Противоядие от интриг и клеветы

Разрыв во времени по истечении 175 лет почти невесом: 20 января перо поэта оставляет на бумаге последние строки камчатских записей, 26 января голландский посол Луи де Геккерен получает пушкинское письмо-памфлет, сделавшее дуэль с его приёмным сыном Жоржем Дантесом неизбежной, потом два выстрела на Чёрной Речке и последнее путешествие бездыханного тела поэта в Святогорский монастырь. Неужто не было в страшные эти недели у поэта других помыслов и забот, кроме чтения о суровой земле!?

Внешняя причина – в намерениях Александра Сергеевича написать статью для ближайшего номера «Современника». Но повод для внезапно пробудившегося интереса к суровой окраине России более или менее внятного толкования пока что, увы, не получил.

Кстати сказать, у Крашенинникова слова «печальная» в описании полуострова нет. Однако Пушкин не только использует его, но и ставит на первое место. Это, пожалуй, находка из категории провидческих. Попробуйте перемешать три прилагательных по-своему, в другом порядке и тут же убедитесь, что избранный поэтом – единственно верный! А дальше: «Ветры почти беспрестанные обвевают её. Снега не тают на высоких горах. Снега выпадают на три сажени глубины и лежат на ней почти восемь месяцев. Ветры и морозы убивают снега; весеннее солнце отражается на их гладкой поверхности и причиняет несносную боль глазам. Настаёт лето. Камчатка, от наводнения освобождённая, являет скоро великую силу растительности; но в начале августа уже показывается иней и начинаются морозы».

Если признать, что отдельное слово может претендовать на афористичность, то первые строки конспекта просто скопище сверхъёмких определений, справедливость которых лично я полностью проверил на себе за дюжину лет, проведённых в краю океана и морей, вулканов и гейзеров, циклонов и пург. Здесь тебе и снежные заряды, спасаясь от которых по дороге на работу приходилось напяливать, противогаз и такие порывы обезумевших воздушных масс, что кожаное пальто превращалось в парус и несло меня по обратившемуся в вытяжную трубу проспекту Рыбаков полуостровной столицы Петропавловска-Камчатского, заставляя ради торможения сходу залететь в сугроб.
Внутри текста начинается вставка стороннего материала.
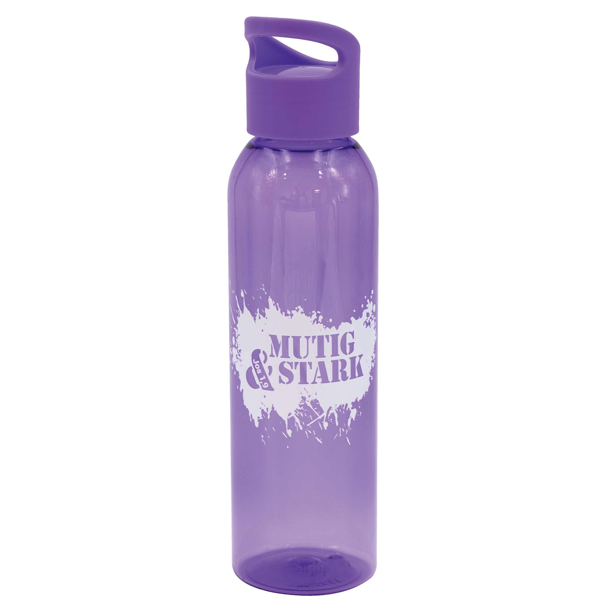 Bedruckt ist sie mit dem Text "mutig & stark Jos 1,9", peppig und modern umgesetzt. Die bunten Flaschen sind mit praktischem Schraubdeckel versehen und tropfsicher.

Про «великую силу растительности» особый сказ. «Сладкая трава», как прозвали первопроходцы-казаки местную разновидность борщевика, вымахивает выше трёх метров, так что, сбившись с тропы, приходится прорубать себе дорожку ножом, словно в тропических джунглях…

Правда… инея в начале августа и последующих морозов я лично не припомню даже в долине Камчатки-реки с её резко континентальными скачками температур от сорока градусов зимой до сорока летом, причём в рекордные по стуже годы январские холода ночами заставляют спиртовый столбик термометра съёживаться едва ли не до пятидесяти. Однако в былые века и тысячелетия бывало всякое, а о глобальном потеплении никто ещё не задумывался, так что и от слов об августовской трескучести морозов напрочь отмахиваться не стоит…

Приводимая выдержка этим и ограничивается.